The Internet Protocol Journal, Volume 14, No. 2

IPv6 Site Multihoming

Fred Baker, Cisco Systems

In today's Internet, site multihoming—an edge network configuration that has more than one service provider but does not provide transit communication between them—is relatively common. Per the statistics at www.potaroo.net, almost 40,000 Autonomous Systems are in the network, of which about 5,000 seem to offer transit services to one or more customers. The rest are in terminal positions, possibly meaning three things. They could be access networks, broadband providers offering Internet access to small companies and residential customers; they could be multihomed edge networks; or they might be networks that intend to multihome at some point in the future.
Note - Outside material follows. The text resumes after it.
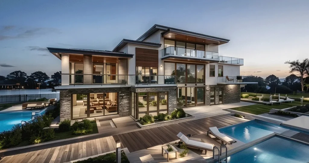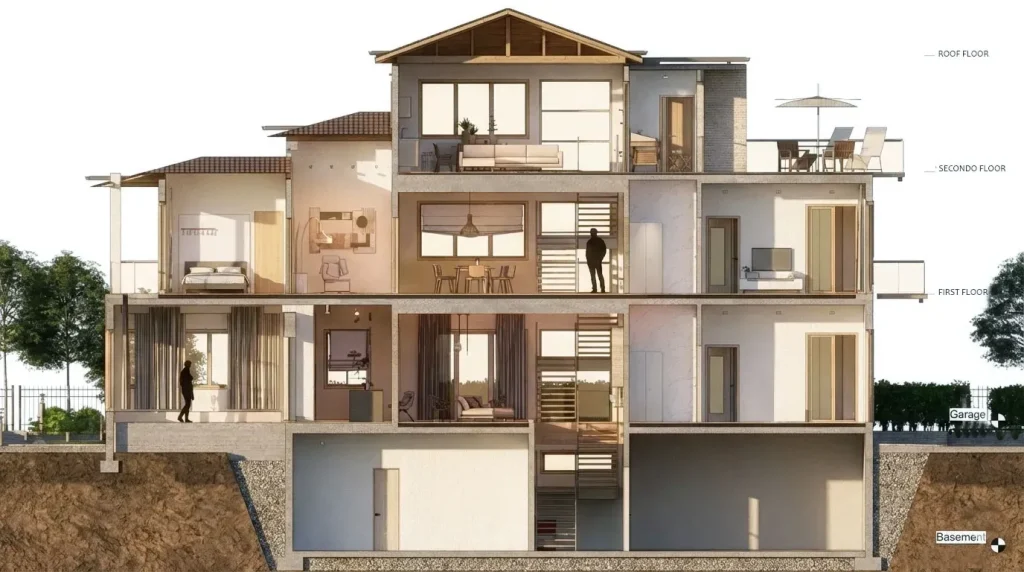 Le style de la villa s’inspire d’une esthétique rurale et organique, en harmonie avec le caractère très naturel de la zone. La maison se développe sur trois niveaux, auxquels s’ajoute un sous‑sol comprenant une salle de cinéma et une petite salle de sport.

The vast majority, on the order of 75 percent, are multihomed or intend to multihome. That is but one measure; you do not have to use Border Gateway Protocol (BGP) routing to have multiple upstream networks. Current estimates suggest that there is one multihomed entity per 50,000 people worldwide, and one per 18,000 in the United States.

We also expect site multihoming to become more common. A current proposal in Japan suggests that each home might be multihomed; it would have one upstream connection for Internet TV, and one or more other connections provided by Internet Service Providers (ISPs), operating over a common Digital Subscriber Line (DSL) or fiber-optic infrastructure. That scenario has one multihomed entity for every four people.

Why do edge networks multihome? Reasons vary. In the Japanese case just propounded, it is a fact of life—users have no other option. In many cases, it is a result of a work arrangement, or a strategy for achieving network reliability through redundancy.

For present purposes, this article considers scaling targets derived from a world of 10 billion people (circa 2050), and a ratio of one multihomed entity per thousand people—on the order of 10,000,000 multihomed entities at the edge of the Internet. Those estimates may not be accurate 40 years from now, but given current trends they seem like reasonable guesses.

RFC 1726 [1], the technical criteria considered in the selection of what at the time was called IP Next Generation (IPng), did not mention multihoming per se. Even so, among the requirements are scalable and flexible routing, of which multihoming is a special case. When IPv6 was selected as the "next generation," multihoming was one of the topics discussed. The Internet community has complained that this particular goal was not fulfilled. Several proposals have been proffered; unfortunately, each has benefits, and each has concerns. No single perfect solution is universally accepted.

In this article, I would like to look at the alternatives proposed and consider the effects they have. In this context, the goals set forth in RFC 3582 [2] are important; many people tried to state what they would like from a multihoming architecture, and the result was a set of goals that solutions only asymptotically approach.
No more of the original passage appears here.